> [EXERCISE DESCRIPTION]
For this exercise, return exactly the lines of the material below that begin at the one with "Phương pháp phòng" and stop after the one with "123x123 cm ölçüsündeki".

> [EXERCISE MATERIAL]

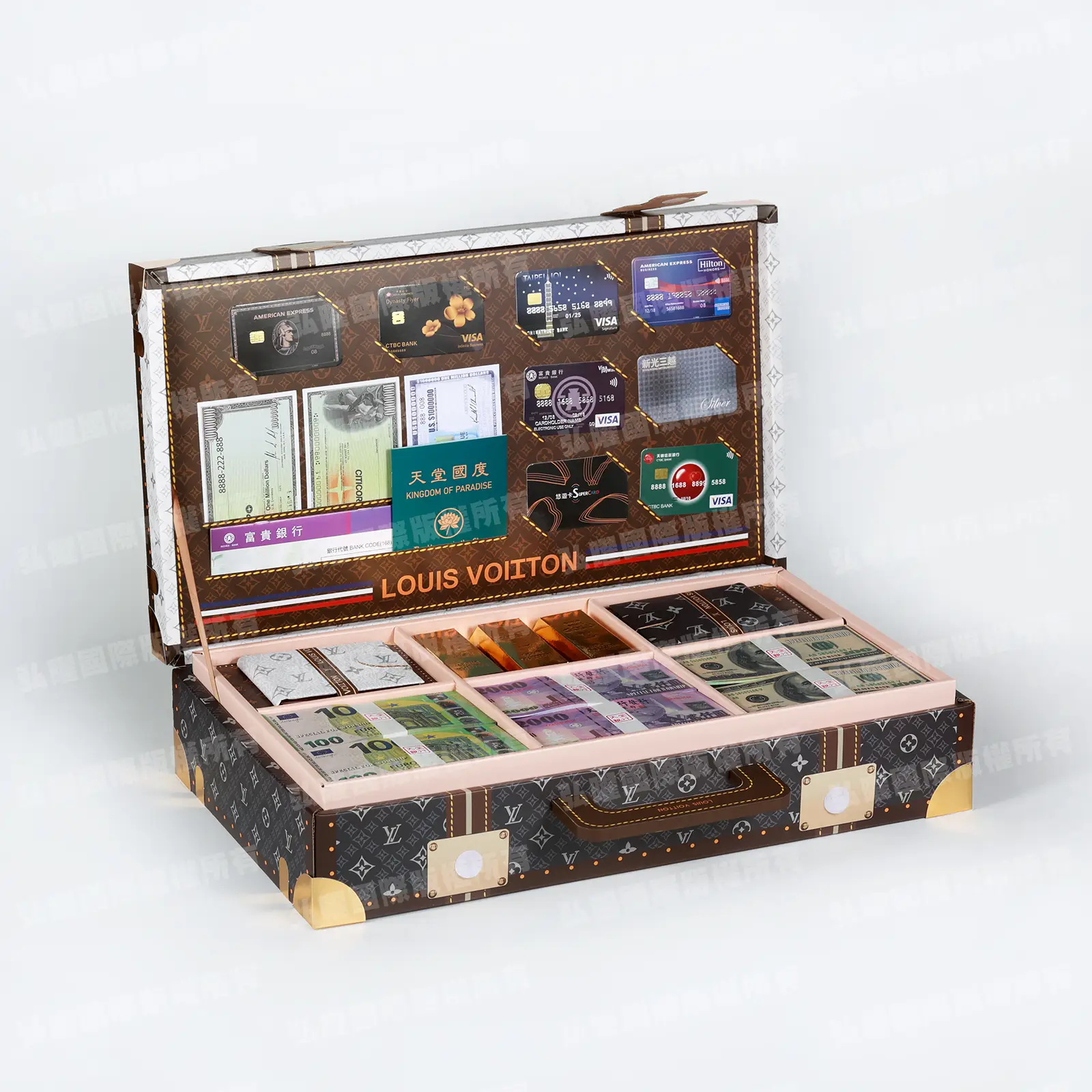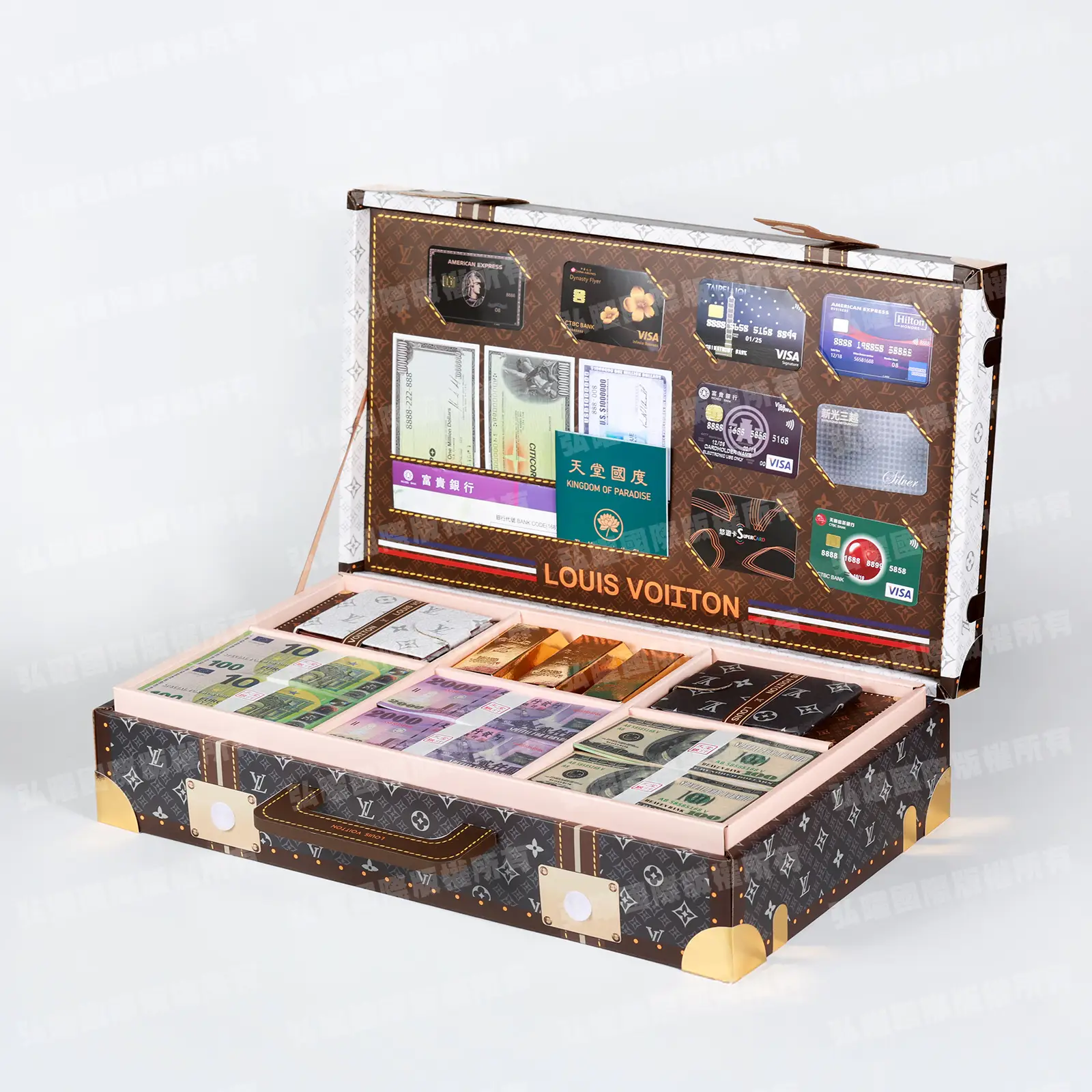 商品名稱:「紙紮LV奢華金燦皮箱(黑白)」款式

--

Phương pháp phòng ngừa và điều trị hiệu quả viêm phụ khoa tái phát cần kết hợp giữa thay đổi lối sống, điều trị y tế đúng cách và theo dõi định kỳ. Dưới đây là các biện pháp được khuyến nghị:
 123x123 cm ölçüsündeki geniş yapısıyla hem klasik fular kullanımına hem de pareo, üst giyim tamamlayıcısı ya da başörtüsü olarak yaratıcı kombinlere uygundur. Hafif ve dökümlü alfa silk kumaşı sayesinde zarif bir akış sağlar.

> [TASK RESULT]
Phương pháp phòng ngừa và điều trị hiệu quả viêm phụ khoa tái phát cần kết hợp giữa thay đổi lối sống, điều trị y tế đúng cách và theo dõi định kỳ. Dưới đây là các biện pháp được khuyến nghị:
 123x123 cm ölçüsündeki geniş yapısıyla hem klasik fular kullanımına hem de pareo, üst giyim tamamlayıcısı ya da başörtüsü olarak yaratıcı kombinlere uygundur. Hafif ve dökümlü alfa silk kumaşı sayesinde zarif bir akış sağlar.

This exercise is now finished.